Technology is key to turning this around, as it directly drives the knowledge work productivity that will address this issue. However as the World Economic Forum reports Canada continues to slip in their adoption of new ICT. This translates into less competitive intensity, less R&D to fuel exportable product innovation, and so forth.

This corresponds with my own direct experiences, where there is less appetite for adoption of Cloud Computing in Canada, (“let’s wait and see”) and also less willingness to fund new ventures in this sector (“ooh too risky”).

The challenge of course is that other nations aren’t as hesitant, they’re embracing the Cloud to launch new products and businesses, to Innovate!

Canada will continue to slip down this greasy pole until political leadership emerges that takes the situation in hand, defines and leads the required Digital Innovation strategy.

Innovation and the Cloud

To help I have worked with IT World Canada to produce this great looking introductory overview to the Cloud for CIO’s in Canada. As you’ll see my piece (on page 8 ) has little to do with Cloud technologies and everything to do with re-inventing the public sector to become more innovative, leveraging the Cloud as the platform and catalyst to do so.
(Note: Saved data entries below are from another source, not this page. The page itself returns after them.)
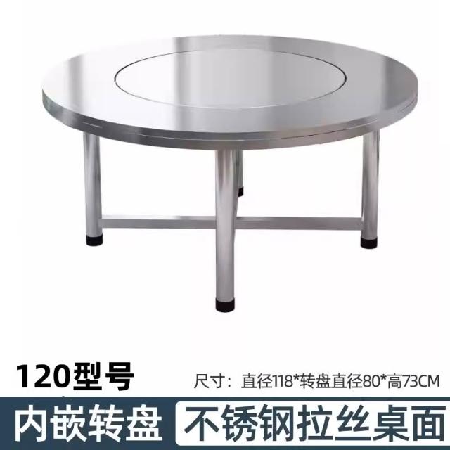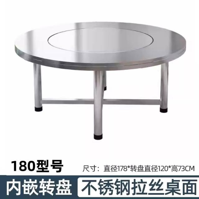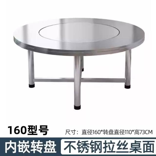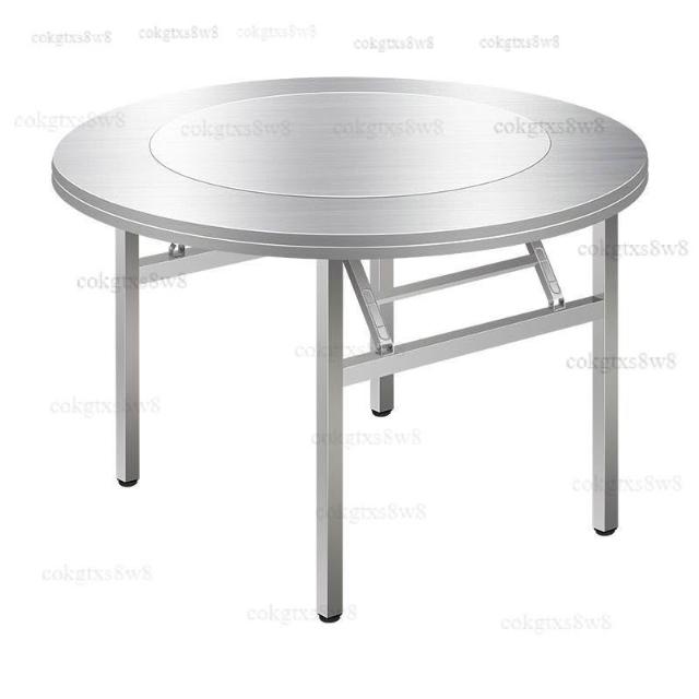 304特厚全不銹鋼內置轉盤桌 可折疊大圓桌家用酒席飯店食堂吃飯桌 轉盤桌 餐桌
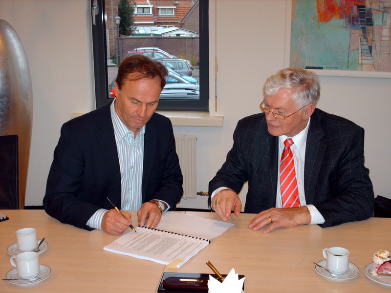Geplaatst op:09-01-2012 Bijgewerkt op:09-01-2012 16:14 Overeenkomst zonnepanelen getekendBron: redactie RSM Aad van der VeenBinnenkort krijgt het dak van het stadskantoor zonnepanelen. Op maandag 9 januari werd de overeenkomst getekend. Het stadskantoor wordt dankzij de zonnepanelen energieneutraal.Zen Duurzaam (Zonne Energie Nederland) uit Breda gaat de panelen leveren. Dit na een Europese aanbesteding. De ondertekening van de overeenkomst gebeurde door Hans Brekelmans van Zen Duurzaam en wethouder Vlaar namens de gemeente. Tevens waren aanwezig tijdens de ondertekening, een delegatie van de gemeente die het project begeleiden. Hans Brekelmans, directeur van ZEN ondertekend de overeenkomst. Wethoude Vlaar tekent namens de gemeenteGrote schaal Montfoort is een van de eerste gemeentes in Nederland die op een dergelijk grote schaal zonnepanelen gebruikt voor het stadskantoor. Het hele dak van het stadskantoor zal met 340 panelen worden bedekt.
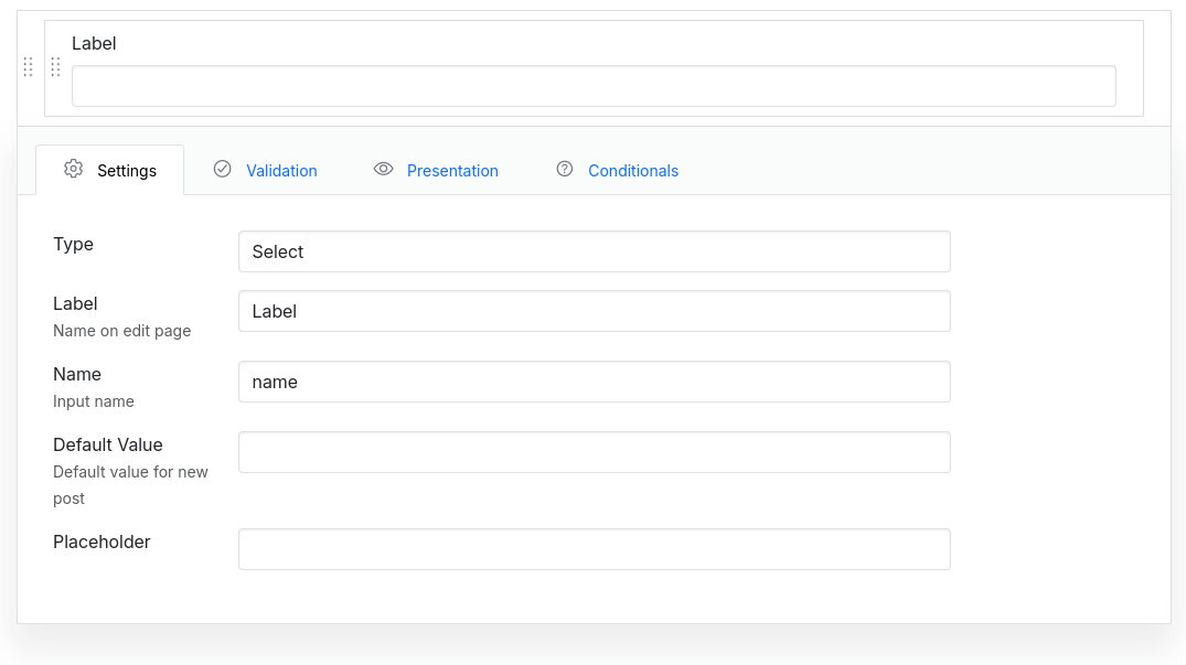 The Select field creates a dropdown list input, used for allowing the user to choose one value from the list.

The guide is sponsored by Microsoft, who also sponsored another similar article published in this months Harvard Business Review, entitled ‘Innovation and the Cloud’ – You can read it online here.

Written by Michael Schrage, author of Serious Play, he also highlights that the biggest benefits of Cloud computing lie not in the IT efficiencies most people talk about, but rather in how it enables “Accordion Innovation” – The ability to more easily experiment with new ideas, to try them out and flex up and down with the underlying infrastructure to enable this dynamic flexibility.

This is why Open Government and Cloud Computing are the two most important topics for Governments to embrace today, especially in Canada. There is a national imperative to foster more innovation, and key to this is more Open Innovation, and the new IT infrastructure that can enable it.